Examples of Unexpected Attacks

The MGM casino 2023 attack resulted in estimated costs of $100M. How it happened is still not fully known or publicly shared, but it’s been widely shared that the attack started with Phishing ploy that gave the attackers credentials needed to deploy their ransomware. Most of today’s tools struggle to detect these types of attacks as they tend to resemble normal operations.

Recently, Microsoft Azure announced an attack where the hackers were able to take over targeted accounts using credentials obtained through phishing techniques. There is suspicion that the attackers may have updated Multi-factor Authentication (MFA) information to enable them to remain resident in the systems longer. This type of attack is difficult for today’s technologies to detect quickly. Often an attack of this type isn’t detected by a cyber security monitoring tool, but rather through a series of end users reporting unexpected system behaviors.

Not all things that go bump in the night can be attributed to known causes. In May 2024, AT&T announced that about 70 million current and formal AT&T clients have personal information such as Social Security Numbers and/or pass codes on the dark web. They haven’t yet announced how the data was exfiltrated or even if the data came from AT&T or one of AT&T’s vendors. At the time of this writing, AT&T has shared that they are still investigating.
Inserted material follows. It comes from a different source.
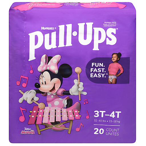 Start potty training with Pull-Ups Training Pants for Girls! Each training underwear delivers easy changes with refastenable sides, allowing you to keep pants and shoes on your toddler. Pull-Ups Potty Training Pants feature up to 100% leak-free protection and targeted absorbency where girls need it most. Made with soft and breathable materials, these girls’ training pants are comfy and flexible, with an underwear-like fit to help make potty training easy. Not only do they provide all-around coverage, but they also are designed for little hands to easily pull up and down for Big Kid independence. Each pack includes two exclusive music designs featuring Disney's Minnie Mouse, with instrument graphics that fade when wet to help motivate your child to stay dry. Making music with Minnie Mouse comes to life with interactive digital tools. When your child is ready to begin her potty training journey, the Pull-Ups brand can help. Visit the Pull-Ups website for expert potty training tips and resources. We've helped train 60 million Big Kids and counting!* Pull-Ups Girls' Training Underwear are available in sizes 2T-3T (16-34 lbs), 3T-4T (32-40 lbs), 4T-5T (38-50 lbs) and 5T-6T (50+ lbs). (*US and CA)
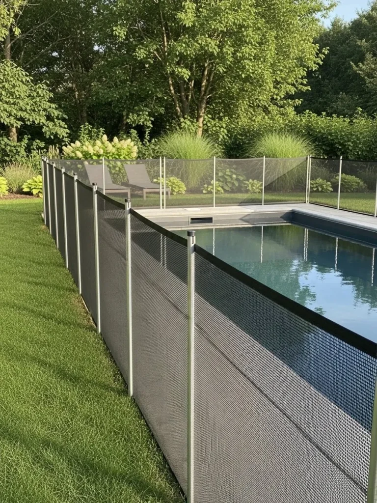This pool is bordered by a slim mesh fence framed in dark metal, creating a secure boundary that still feels light and open. The fence runs neatly along the pool edge and blends easily into the surrounding lawn and greenery. It feels practical and understated, letting the calm water and garden setting take center stage.

Sometimes it’s not a specific business that’s targeted, but rather a tool. For example, the MOVEit file transfer service attack targeted a zero-day vulnerability that opened the door to an SQL injection attack. No one expected that the file transfer service that was in common use across enterprises — government, education, etc. — could be exploited. One source estimates that the MOVEit attack has already affected over 1,000 organizations and 60 million individuals worldwide.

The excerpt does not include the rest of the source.